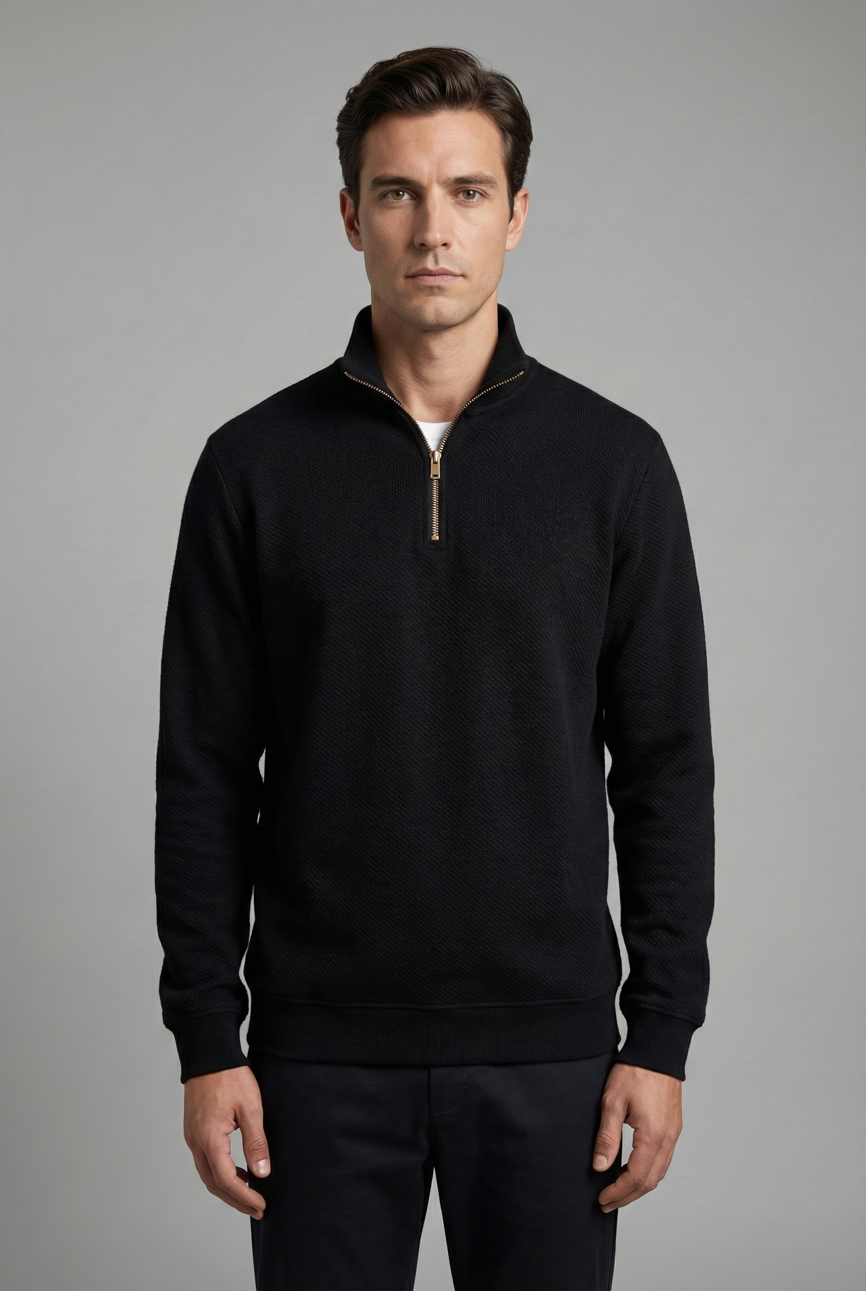 Slim fit kesimi ve yarım fermuarlı dik yaka tasarımıyla öne çıkan erkek siyah sweatshirt, zamansız ve modern görünümüyle günlük ve smart casual kombinler için ideal bir tercihtir.
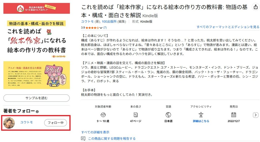 「著者ページ」を作ると、本の販売ページの左下に「著者名」が表示されるようになります。
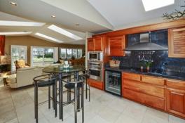 Wake up to sweeping ocean views and the sound of the surf in this beautifully appointed Moran Lake beach home overlooking 26th Avenue Beach. Luxury coastal living awaits with a gourmet kitchen featuring cherry wood cabinetry, granite countertops, stainless steel appliances, a gas cooktop, Vinotemp wine cooler, and Sub-Zero refrigerator. The spacious primary suite offers a private retreat with dual vanities, a tiled shower with dual shower heads, and a large walk-in closet with cedar flooring. Sliding doors from both the primary suite and living room open to ocean-view balconies, creating seamless indoor-outdoor living. Elegant finishes include travertine and slate flooring throughout, a wood-burning fireplace, built-in entertainment center, and plantation shutters. Ideally located along a scenic greenbelt just a short 100-yard walk to 26th Avenue Beach. The large cul-de-sac lot features mature landscaping, tasteful hardscape, a tranquil waterfall and pond, multiple patios for outdoor entertaining, and ample on-site parking. Gardener service included.

..........

Apart from the images, every line above needs to be printed again exactly.

 Slim fit kesimi ve yarım fermuarlı dik yaka tasarımıyla öne çıkan erkek siyah sweatshirt, zamansız ve modern görünümüyle günlük ve smart casual kombinler için ideal bir tercihtir.
 「著者ページ」を作ると、本の販売ページの左下に「著者名」が表示されるようになります。
 Wake up to sweeping ocean views and the sound of the surf in this beautifully appointed Moran Lake beach home overlooking 26th Avenue Beach. Luxury coastal living awaits with a gourmet kitchen featuring cherry wood cabinetry, granite countertops, stainless steel appliances, a gas cooktop, Vinotemp wine cooler, and Sub-Zero refrigerator. The spacious primary suite offers a private retreat with dual vanities, a tiled shower with dual shower heads, and a large walk-in closet with cedar flooring. Sliding doors from both the primary suite and living room open to ocean-view balconies, creating seamless indoor-outdoor living. Elegant finishes include travertine and slate flooring throughout, a wood-burning fireplace, built-in entertainment center, and plantation shutters. Ideally located along a scenic greenbelt just a short 100-yard walk to 26th Avenue Beach. The large cul-de-sac lot features mature landscaping, tasteful hardscape, a tranquil waterfall and pond, multiple patios for outdoor entertaining, and ample on-site parking. Gardener service included.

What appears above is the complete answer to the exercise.